ASP release from the nanocomposite systems indicate that both the HNT:ASP ratio and entrapment method had a large effect on ASP release. The API release mechanism for the PLA/HNT/ASP nanocomposite was through diffusion and swelling of the nanocomposite as shown in Figure 11.

From ASP data, it was shown that the matrix-loaded samples did not have any burst release and that the release began following 8 h incubation, which would indicate that the drug had started to diffuse through the hydrophilic PLA matrix. Conversely, the lumen-loaded samples did have a burst release of 21–28% in the first 1–8 h. This may be attributed to the ASP washing from the outer lumen of the HNT, which were close to the surface of the PLA. In terms of HNT:ASP ratio, and in agreement with drug-loading findings, the 1:1 samples yielded a higher total API release at the end of the nine-day experiment. From the literature, it has been reported that the reduction in initial burst release may be due to the effect of the plasticizer in the polymer matrix [32]. The slow drug release suggests the presence of major amounts of ASP in the lumen of the HNTs at that time point [28]. The thermal properties of test samples in this study show that the matrix-loaded ASP for both 2:1 and 1:1 ratio nanocomposite had negligible cold crystallisation curves, which could be due to the plasticizing effect of the ASP when loaded directly into the PLA matrix. Plasticizers, which are capable of increasing flexibility of the polymers and can reduce the degradation of the thermolabile drugs [4]. The higher percentage of drug release after 140 h can be attributed to the gradual degradation of the PLA which had extended the retention time of the API [15].

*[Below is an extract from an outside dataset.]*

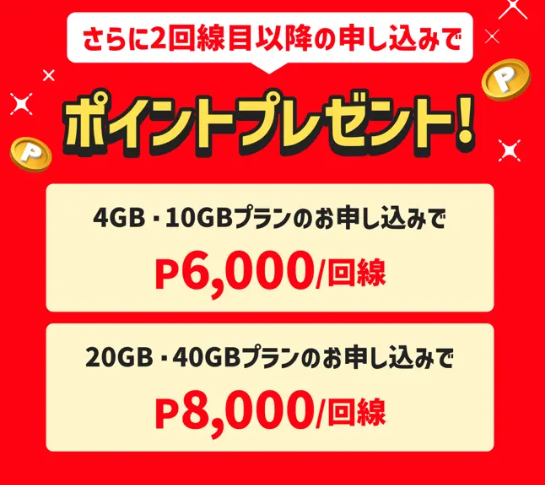 - 複数回線特典(2回線目以降の申込みでポイント付与)。

It is interesting to note the reduction in the percentage release of the API from the nanocomposites on the ninth day except for the 1:1 matrix-loaded nanocomposite (B3). This could be due to the presence of the ASP in the inner lumen of the HNT, which gradually diffused to the PLA matrix during the nine days. Thus the loading of the ASP onto the HNT potentially on the inner lumen reduces the burst release and aids sustained release over a period of time. In this study, the matrix-loaded samples did not have a burst release and were followed by a sustained release, which could be due to the better dispersion and loading of the ASP on the HNT during extrusion.

5. Conclusions

The drug–polymer nanocomposite delivery system of ASP-PLA/HNT nanocomposite exhibits a sustained release performance. The encapsulation efficiency and the loading capacity were better for 1:1 ratio loading of HNT:ASP. FTIR characterisation revealed the presence of ASP in the ASP-loaded HNTs. DSC data demonstrated the API–polymer interaction between aspirin and PLA/HNTs. The API–polymer interaction affected the release of aspirin, resulting in a sustained release action. Lumen-loaded samples had burst release and overall higher release of the API when compared to the matrix-loaded samples, which did not have initial burst release. In terms of ratios, 1:1 for HNT:ASP resulted in a higher total of API released at the end of the nine-day experiment. Hence, we have shown that the release of API can be controlled using different nanocomposite compositions.